Your instructions
Lines from the one containing "Among the major" through the last line of the data are to be returned exactly, both ends included, minus any pictures.
● ● ● ● ●
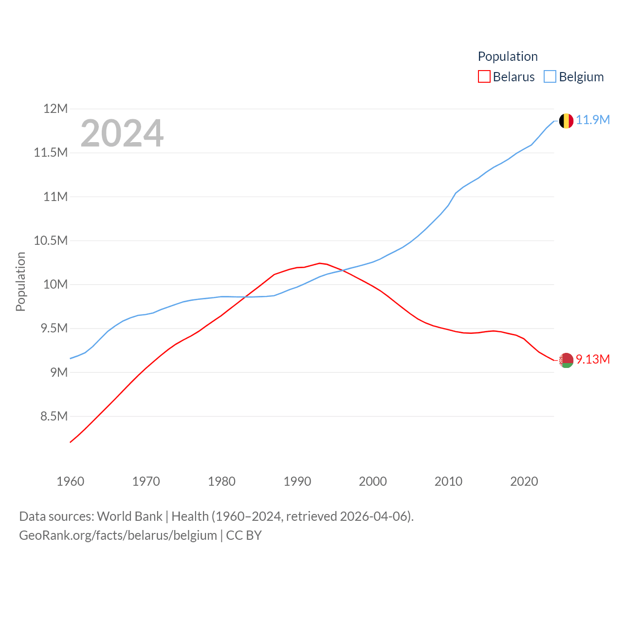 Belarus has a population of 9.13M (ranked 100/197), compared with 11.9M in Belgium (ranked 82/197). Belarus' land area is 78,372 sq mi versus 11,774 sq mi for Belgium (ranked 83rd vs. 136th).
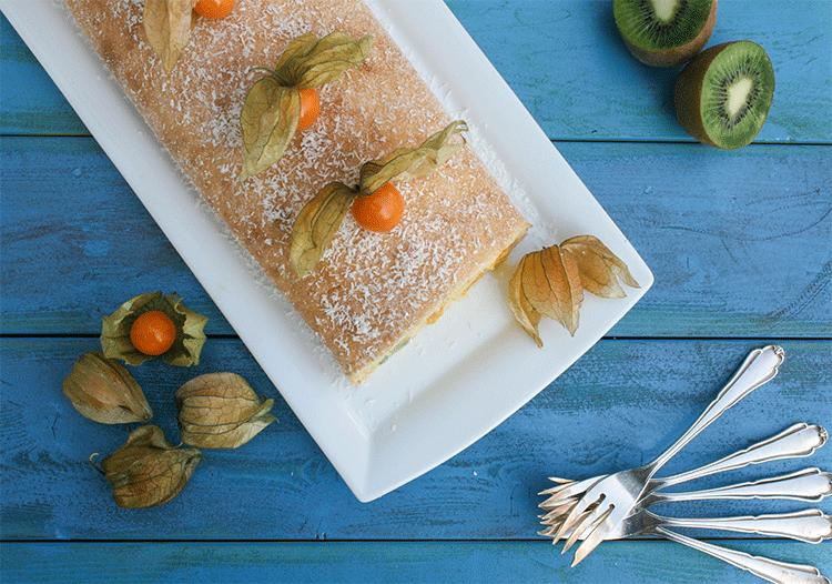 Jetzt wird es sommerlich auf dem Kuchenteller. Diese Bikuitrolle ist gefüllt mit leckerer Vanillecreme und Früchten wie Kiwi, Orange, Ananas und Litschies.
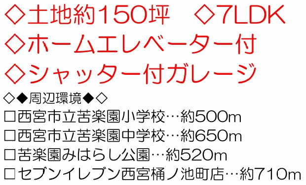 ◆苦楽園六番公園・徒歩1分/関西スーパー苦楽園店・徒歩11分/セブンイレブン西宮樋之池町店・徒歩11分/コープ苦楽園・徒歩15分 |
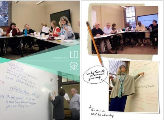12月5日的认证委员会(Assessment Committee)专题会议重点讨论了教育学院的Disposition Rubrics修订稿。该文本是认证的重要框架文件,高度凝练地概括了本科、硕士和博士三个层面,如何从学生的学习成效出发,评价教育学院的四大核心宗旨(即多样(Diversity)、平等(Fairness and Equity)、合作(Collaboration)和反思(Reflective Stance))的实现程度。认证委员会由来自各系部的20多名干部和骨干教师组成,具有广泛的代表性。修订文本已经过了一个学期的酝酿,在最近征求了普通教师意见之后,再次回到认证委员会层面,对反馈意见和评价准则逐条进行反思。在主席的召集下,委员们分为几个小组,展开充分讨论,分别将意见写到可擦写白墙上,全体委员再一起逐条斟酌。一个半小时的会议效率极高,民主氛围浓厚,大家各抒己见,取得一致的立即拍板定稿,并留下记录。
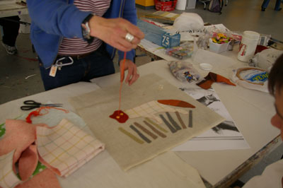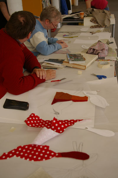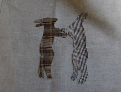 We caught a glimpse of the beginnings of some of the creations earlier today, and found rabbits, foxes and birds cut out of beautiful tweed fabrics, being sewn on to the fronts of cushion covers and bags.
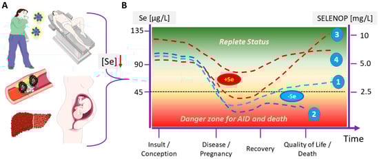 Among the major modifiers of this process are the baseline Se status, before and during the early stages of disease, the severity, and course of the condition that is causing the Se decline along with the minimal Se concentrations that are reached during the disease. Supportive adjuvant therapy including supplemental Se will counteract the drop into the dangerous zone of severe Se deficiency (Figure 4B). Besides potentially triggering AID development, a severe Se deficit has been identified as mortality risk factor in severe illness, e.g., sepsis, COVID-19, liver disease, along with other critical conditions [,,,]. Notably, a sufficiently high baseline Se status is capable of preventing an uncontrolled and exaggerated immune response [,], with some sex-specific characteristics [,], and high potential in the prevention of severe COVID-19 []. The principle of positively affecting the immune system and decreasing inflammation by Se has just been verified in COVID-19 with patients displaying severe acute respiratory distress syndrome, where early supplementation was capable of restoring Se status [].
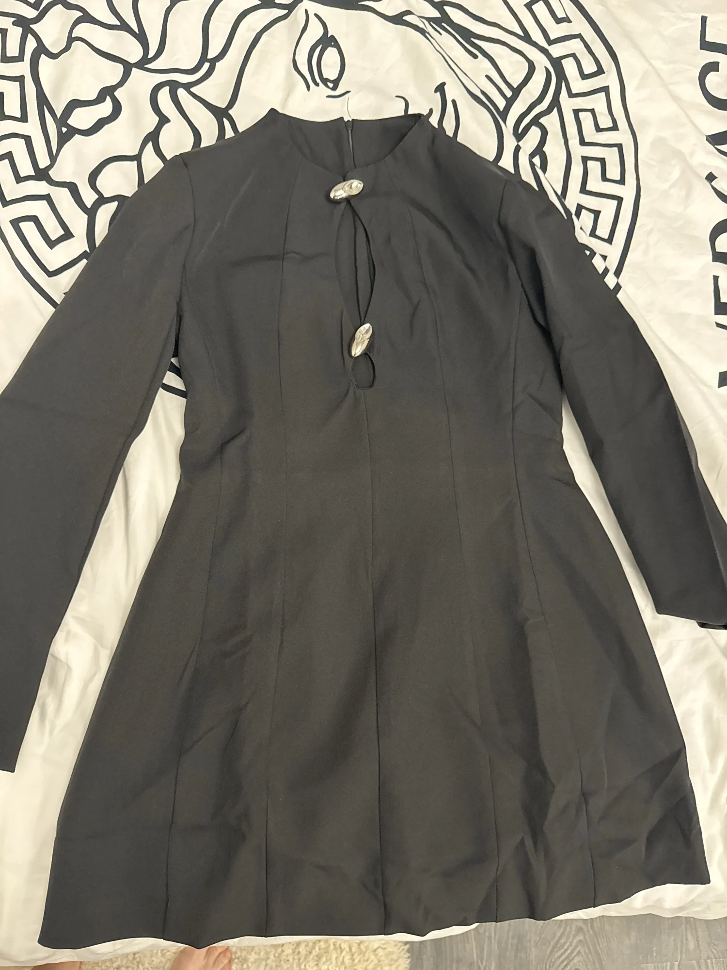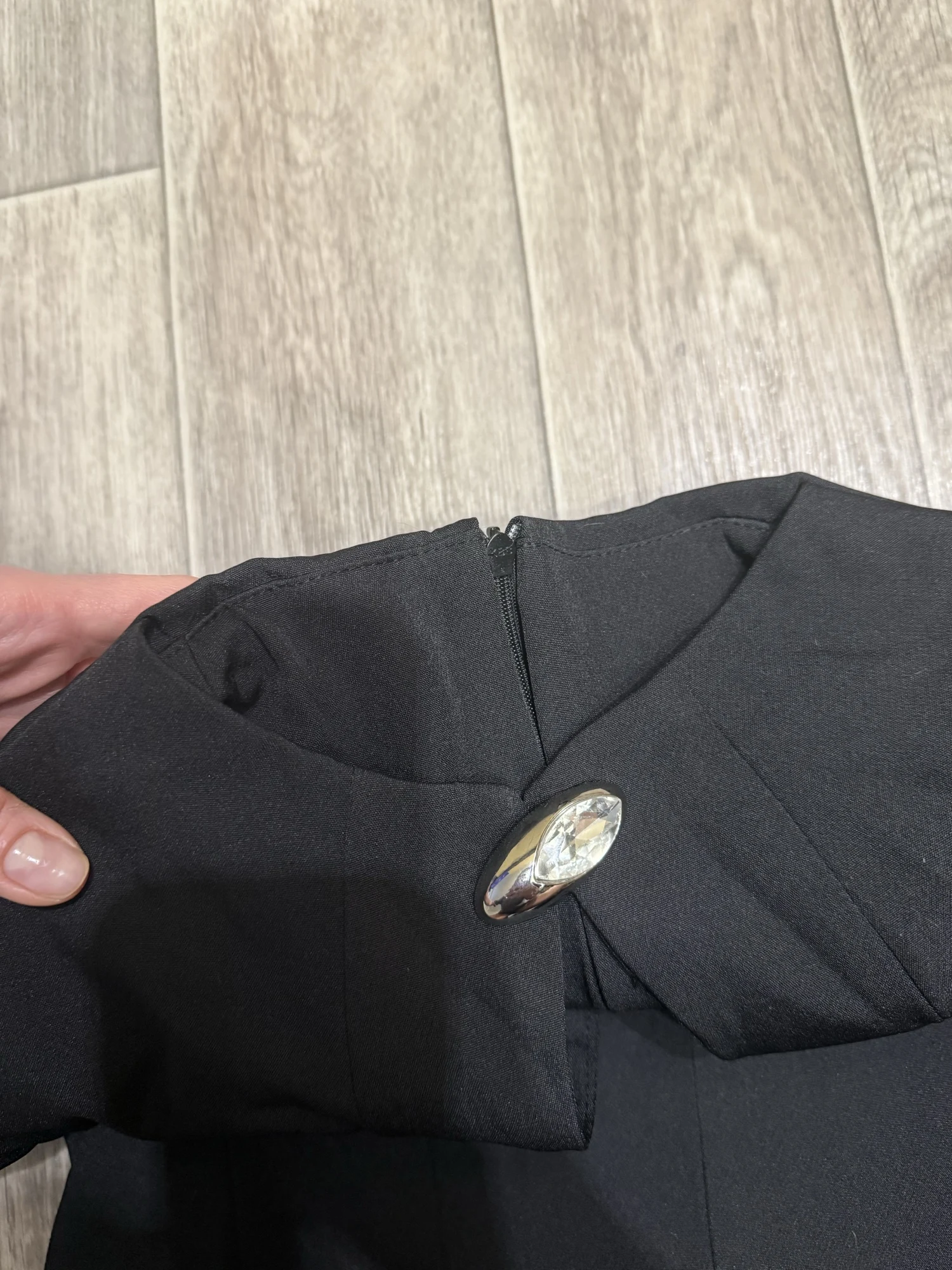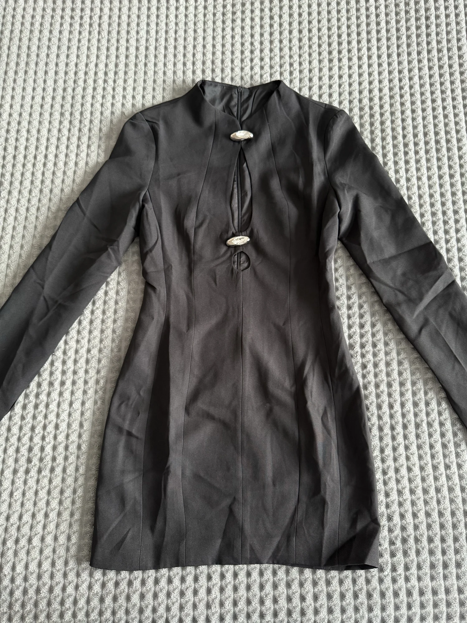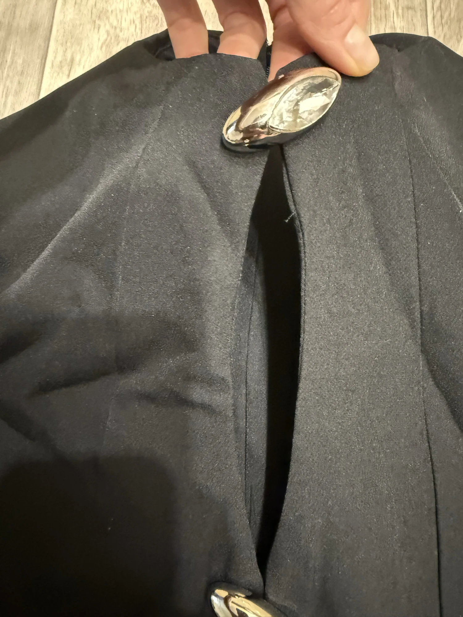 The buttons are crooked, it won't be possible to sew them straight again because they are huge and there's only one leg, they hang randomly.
● ● ● ● ●
Your response
 Among the major modifiers of this process are the baseline Se status, before and during the early stages of disease, the severity, and course of the condition that is causing the Se decline along with the minimal Se concentrations that are reached during the disease. Supportive adjuvant therapy including supplemental Se will counteract the drop into the dangerous zone of severe Se deficiency (Figure 4B). Besides potentially triggering AID development, a severe Se deficit has been identified as mortality risk factor in severe illness, e.g., sepsis, COVID-19, liver disease, along with other critical conditions [,,,]. Notably, a sufficiently high baseline Se status is capable of preventing an uncontrolled and exaggerated immune response [,], with some sex-specific characteristics [,], and high potential in the prevention of severe COVID-19 []. The principle of positively affecting the immune system and decreasing inflammation by Se has just been verified in COVID-19 with patients displaying severe acute respiratory distress syndrome, where early supplementation was capable of restoring Se status [].
 The buttons are crooked, it won't be possible to sew them straight again because they are huge and there's only one leg, they hang randomly.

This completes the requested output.